TRY IT: Nothing but the lines below from the one containing "Коробка круг Лаванда №2 рис микс 1 шт" through the one containing "Пятерная накладка на" should appear in the answer, exact and without pictures.

DATA IN THIS EXERCISE:
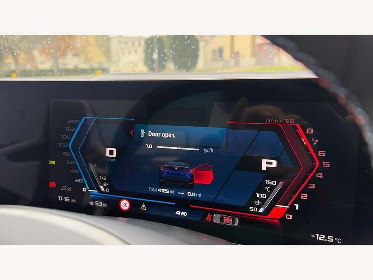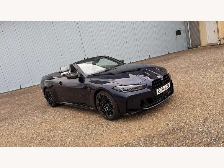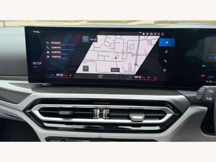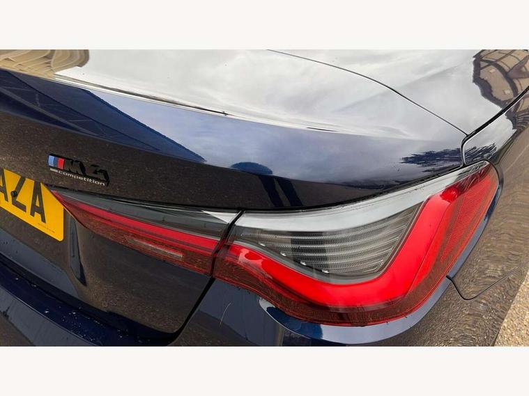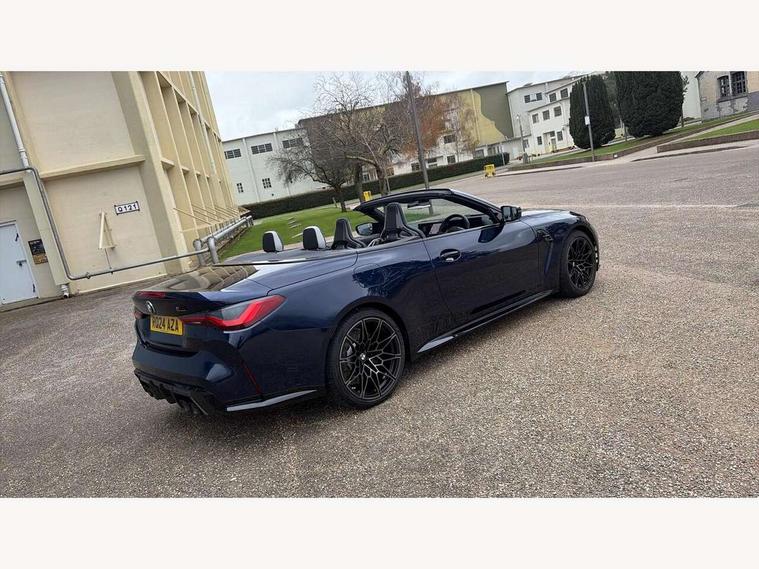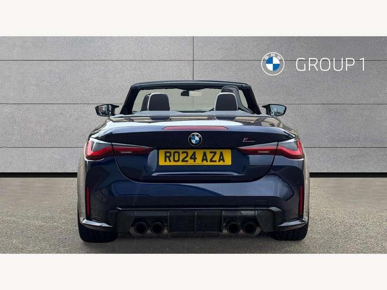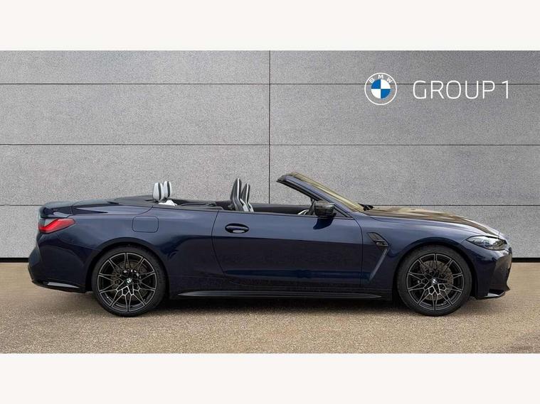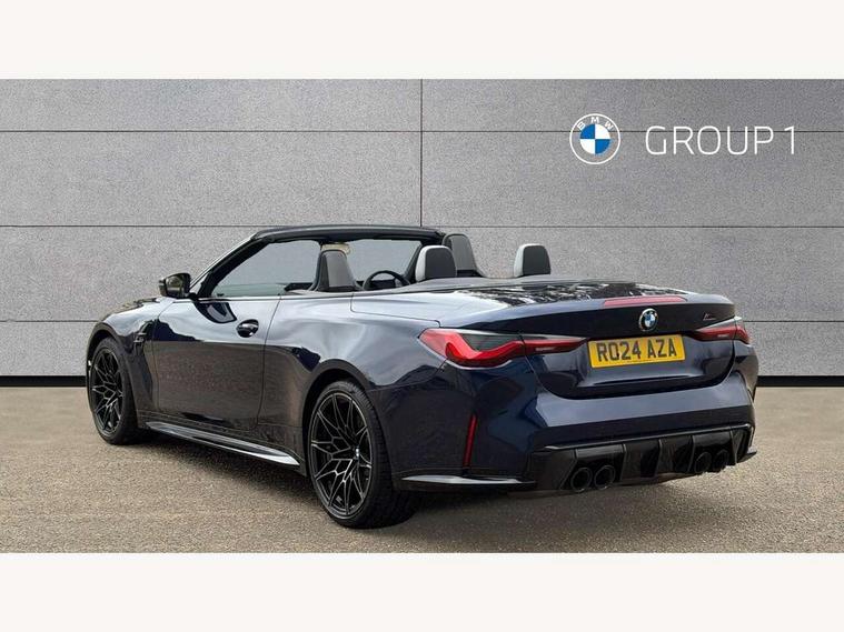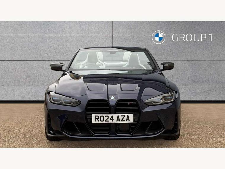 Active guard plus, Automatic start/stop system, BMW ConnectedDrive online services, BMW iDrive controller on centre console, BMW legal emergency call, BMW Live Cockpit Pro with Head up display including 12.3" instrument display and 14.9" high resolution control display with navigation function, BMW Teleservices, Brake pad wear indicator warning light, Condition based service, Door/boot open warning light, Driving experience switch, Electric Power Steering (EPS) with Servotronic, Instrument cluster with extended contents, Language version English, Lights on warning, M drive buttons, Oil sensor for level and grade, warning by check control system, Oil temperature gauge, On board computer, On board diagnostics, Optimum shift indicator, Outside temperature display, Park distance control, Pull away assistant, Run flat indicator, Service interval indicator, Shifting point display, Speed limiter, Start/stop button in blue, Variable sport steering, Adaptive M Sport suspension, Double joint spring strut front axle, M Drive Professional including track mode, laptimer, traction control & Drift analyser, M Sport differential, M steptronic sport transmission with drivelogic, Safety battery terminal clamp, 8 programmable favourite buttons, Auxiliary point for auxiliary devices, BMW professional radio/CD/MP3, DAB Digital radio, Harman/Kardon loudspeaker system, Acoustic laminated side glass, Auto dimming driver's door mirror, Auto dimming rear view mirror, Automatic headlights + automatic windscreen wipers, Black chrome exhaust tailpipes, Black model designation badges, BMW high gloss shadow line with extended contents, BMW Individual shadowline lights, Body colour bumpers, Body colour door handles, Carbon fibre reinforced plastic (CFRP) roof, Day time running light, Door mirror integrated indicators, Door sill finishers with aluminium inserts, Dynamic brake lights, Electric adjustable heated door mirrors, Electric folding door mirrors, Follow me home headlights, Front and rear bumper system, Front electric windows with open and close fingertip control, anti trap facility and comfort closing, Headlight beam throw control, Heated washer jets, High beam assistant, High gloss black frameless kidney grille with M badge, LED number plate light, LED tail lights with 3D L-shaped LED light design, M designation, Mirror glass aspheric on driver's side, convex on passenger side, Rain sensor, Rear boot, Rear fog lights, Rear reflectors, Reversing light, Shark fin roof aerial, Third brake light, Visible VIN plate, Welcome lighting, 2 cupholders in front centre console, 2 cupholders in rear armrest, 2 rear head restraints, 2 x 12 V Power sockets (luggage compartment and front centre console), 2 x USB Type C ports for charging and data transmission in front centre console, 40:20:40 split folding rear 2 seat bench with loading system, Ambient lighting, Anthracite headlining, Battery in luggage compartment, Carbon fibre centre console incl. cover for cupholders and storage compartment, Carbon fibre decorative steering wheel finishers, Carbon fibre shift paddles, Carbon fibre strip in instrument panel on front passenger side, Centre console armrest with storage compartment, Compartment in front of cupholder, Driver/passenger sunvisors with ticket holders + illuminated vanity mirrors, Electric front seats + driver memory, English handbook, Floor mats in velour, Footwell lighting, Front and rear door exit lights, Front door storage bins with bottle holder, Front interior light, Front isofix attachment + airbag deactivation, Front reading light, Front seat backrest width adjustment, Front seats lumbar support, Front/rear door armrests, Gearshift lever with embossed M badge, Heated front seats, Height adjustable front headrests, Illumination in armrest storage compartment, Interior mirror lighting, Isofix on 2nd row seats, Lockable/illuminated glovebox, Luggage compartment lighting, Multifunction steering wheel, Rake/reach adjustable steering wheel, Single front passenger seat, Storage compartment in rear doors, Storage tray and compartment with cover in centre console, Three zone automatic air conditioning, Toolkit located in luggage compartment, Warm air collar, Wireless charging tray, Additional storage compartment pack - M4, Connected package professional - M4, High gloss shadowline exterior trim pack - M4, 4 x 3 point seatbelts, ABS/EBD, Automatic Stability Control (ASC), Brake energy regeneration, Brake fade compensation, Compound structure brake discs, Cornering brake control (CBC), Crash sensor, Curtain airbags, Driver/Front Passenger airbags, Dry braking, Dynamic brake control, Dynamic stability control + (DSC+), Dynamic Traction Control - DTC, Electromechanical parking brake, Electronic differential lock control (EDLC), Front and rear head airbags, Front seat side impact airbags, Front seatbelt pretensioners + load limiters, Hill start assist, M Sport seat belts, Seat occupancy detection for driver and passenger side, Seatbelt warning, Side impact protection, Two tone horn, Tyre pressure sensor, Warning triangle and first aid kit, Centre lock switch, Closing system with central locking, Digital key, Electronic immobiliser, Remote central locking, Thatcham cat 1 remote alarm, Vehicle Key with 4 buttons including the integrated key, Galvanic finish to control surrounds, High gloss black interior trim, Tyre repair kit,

* * *

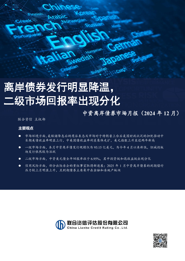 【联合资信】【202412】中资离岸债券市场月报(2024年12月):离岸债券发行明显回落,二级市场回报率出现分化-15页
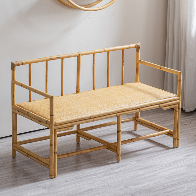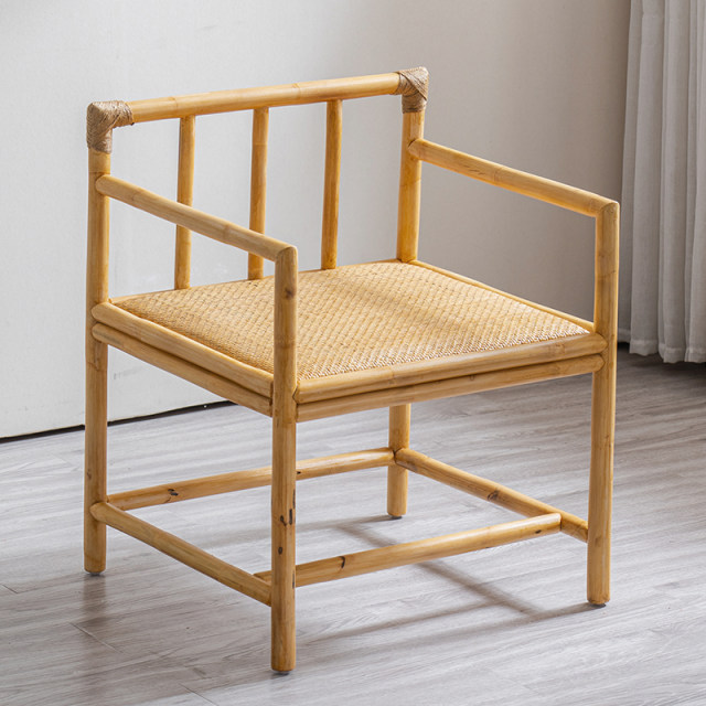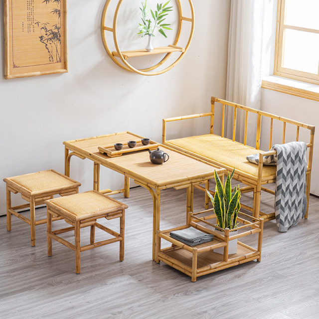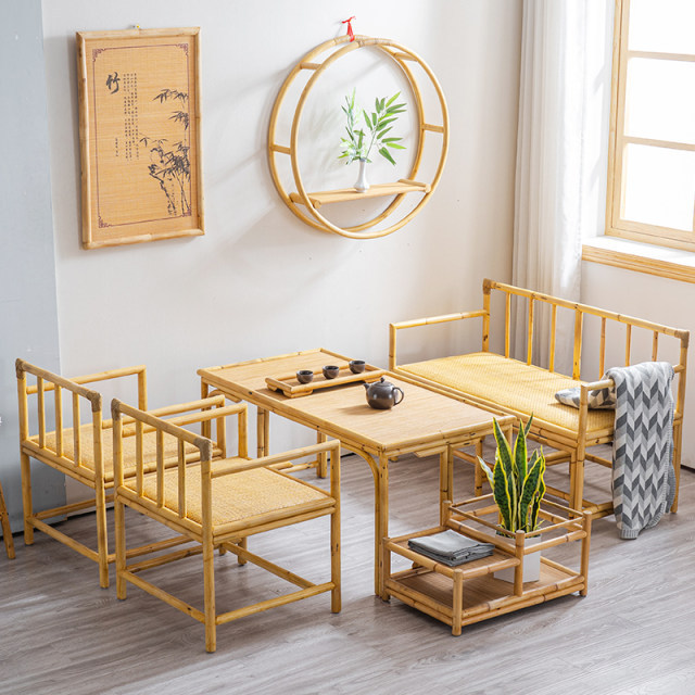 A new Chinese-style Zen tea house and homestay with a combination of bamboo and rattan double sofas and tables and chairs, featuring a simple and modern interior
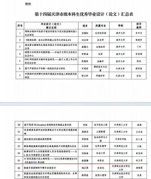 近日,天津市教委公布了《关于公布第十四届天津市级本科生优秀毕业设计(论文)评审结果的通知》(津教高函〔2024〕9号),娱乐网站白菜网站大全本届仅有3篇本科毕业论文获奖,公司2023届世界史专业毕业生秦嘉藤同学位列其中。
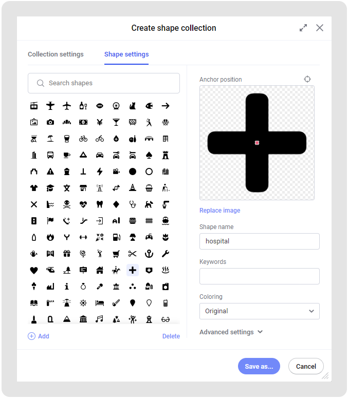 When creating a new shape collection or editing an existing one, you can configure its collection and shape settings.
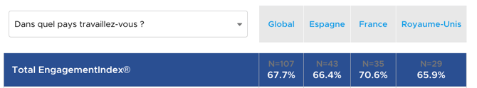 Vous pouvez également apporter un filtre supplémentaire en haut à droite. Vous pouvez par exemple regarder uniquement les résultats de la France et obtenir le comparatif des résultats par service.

==

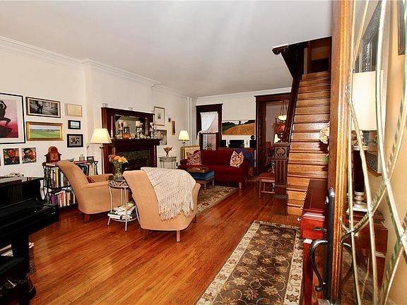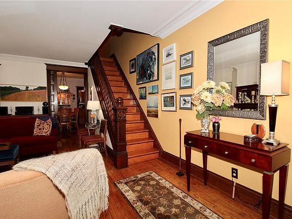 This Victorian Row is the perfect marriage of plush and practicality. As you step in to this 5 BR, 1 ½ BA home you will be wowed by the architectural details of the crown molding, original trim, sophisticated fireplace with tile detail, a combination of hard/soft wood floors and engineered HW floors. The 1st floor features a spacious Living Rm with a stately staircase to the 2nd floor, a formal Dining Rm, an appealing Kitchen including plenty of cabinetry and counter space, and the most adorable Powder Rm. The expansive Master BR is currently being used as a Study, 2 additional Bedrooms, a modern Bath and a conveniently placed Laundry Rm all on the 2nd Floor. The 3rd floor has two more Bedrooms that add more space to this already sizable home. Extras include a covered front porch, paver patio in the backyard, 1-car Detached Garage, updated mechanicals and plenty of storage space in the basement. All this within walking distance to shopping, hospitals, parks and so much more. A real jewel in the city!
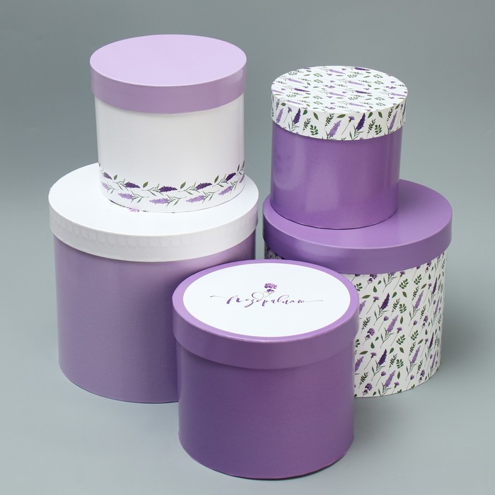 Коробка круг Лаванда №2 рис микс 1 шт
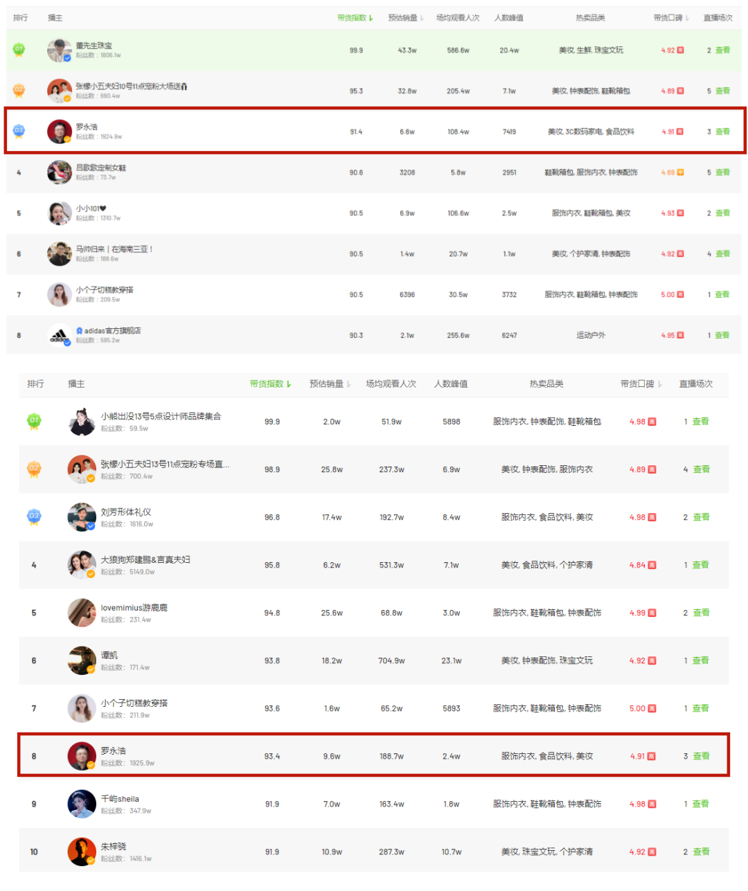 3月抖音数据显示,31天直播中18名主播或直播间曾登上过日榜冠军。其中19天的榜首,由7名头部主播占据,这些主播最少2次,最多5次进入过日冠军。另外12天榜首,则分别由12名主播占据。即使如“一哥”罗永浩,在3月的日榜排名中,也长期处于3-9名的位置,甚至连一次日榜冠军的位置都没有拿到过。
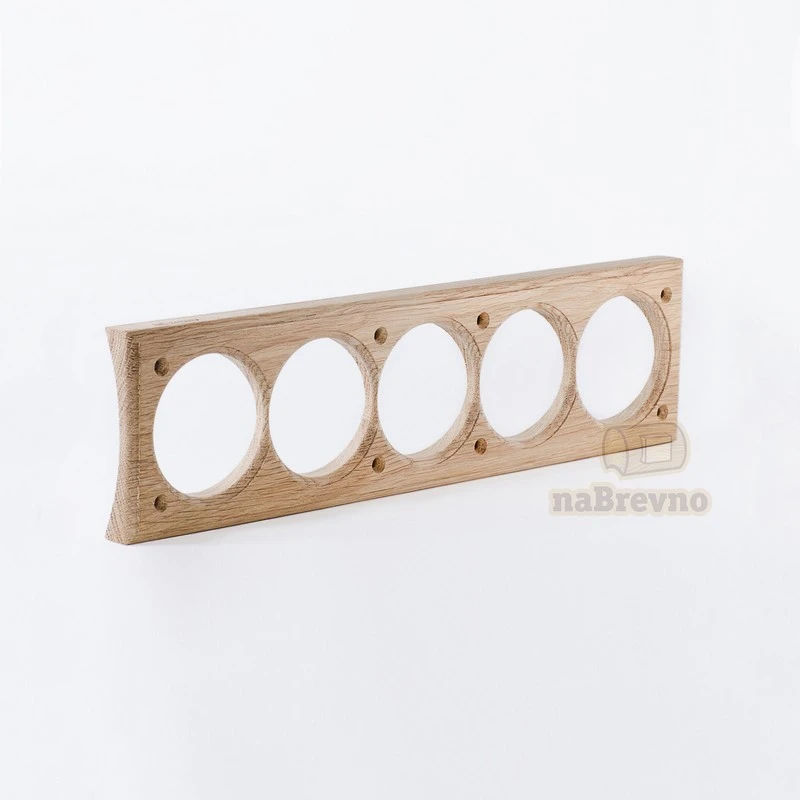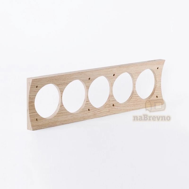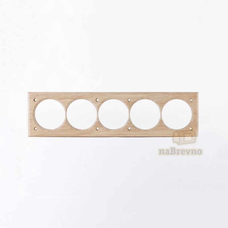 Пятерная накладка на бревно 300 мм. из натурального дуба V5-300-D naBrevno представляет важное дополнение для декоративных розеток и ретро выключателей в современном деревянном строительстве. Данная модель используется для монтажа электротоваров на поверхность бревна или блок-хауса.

EXPECTED ANSWER:
 Коробка круг Лаванда №2 рис микс 1 шт
 3月抖音数据显示,31天直播中18名主播或直播间曾登上过日榜冠军。其中19天的榜首,由7名头部主播占据,这些主播最少2次,最多5次进入过日冠军。另外12天榜首,则分别由12名主播占据。即使如“一哥”罗永浩,在3月的日榜排名中,也长期处于3-9名的位置,甚至连一次日榜冠军的位置都没有拿到过。
 Пятерная накладка на бревно 300 мм. из натурального дуба V5-300-D naBrevno представляет важное дополнение для декоративных розеток и ретро выключателей в современном деревянном строительстве. Данная модель используется для монтажа электротоваров на поверхность бревна или блок-хауса.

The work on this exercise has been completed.